Zaha Hadid-designed train station in Naples
Billed as “the new gateway to south of Italy,” the rail station, located just north of Naples in Afragola, serves as a hub to four high speed inter-city lines, three inter-regional lines, and a local commuter line. As such, it connects 15 million residents of Campania, Puglia, Molise, Calabria, and Sicily with the national rail network in the northern part of the country, as well as with the rest of Europe.
The station, characterized by Hadid’s signature swoops and lines, was designed as an “urbanized public bridge” that connects neighborhoods on either side of the railway, and is, according to a press release, defined by passengers’ routes.
Gioia Ghezzi, president of Italian state railways, Ferrovie dello Stato, said the Naples station was “of enormous strategic value”.
“We wanted to build a station that is not only for a transit but which, over time, will be a source of renewal for the south, creating jobs and growth,” he said.
This passageway spans eight railway tracks and, in addition to establishing the station’s main concourse, encompasses all departure, arrival, and connection services and facilities and provides direct access to all platforms below.
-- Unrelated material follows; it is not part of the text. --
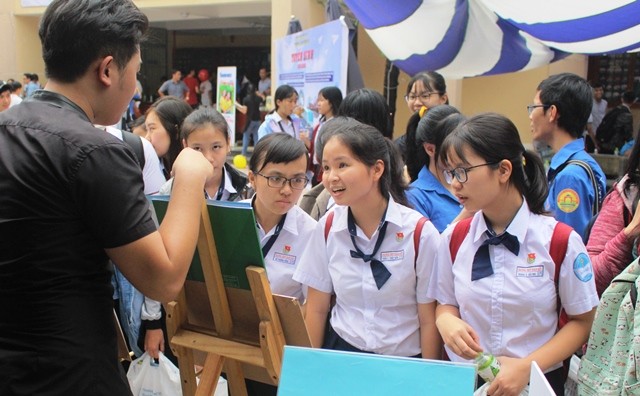 Tại buổi tư vấn trực tiếp tại hội trường, ngoài các câu hỏi liên quan đến các vấn đề quy chế thi THPT quốc gia, qui chế tuyển sinh, các thí sinh còn dành nhiều sự quan tâm đến vấn đề chương trình đào tạo, học phí, môi trường học tập và cơ hội việc làm sau khi ra trường. Cùng với các trường ĐH, CĐ, đại diện cho nhà trường TS. Mai Hải Châu – phó giám đốc, đã trả lời và giải đáp hầu hết các câu hỏi của thí sinh.

A central atrium lined with cafes and shops adds a public meeting spot for passengers.
As for the station’s construction, it incorporates a reinforced concrete base, an elevated concourse of Corian-clad steel ribs, and a glazed roof.
“With this inauguration, we send a message that Italy is moving, the country is growing, here is a wonderful combination of artistic and engineering expertise,” added Italian prime minister Paolo Gentiloni, who recently inaugurated the building.
The station was one of over 30 projects already in the pipeline when ZHA founder Zaha Hadid died last year. As one of the world’s most successful architects, she was awarded the Pritzker Prize and the RIBA’s Royal Gold Medal.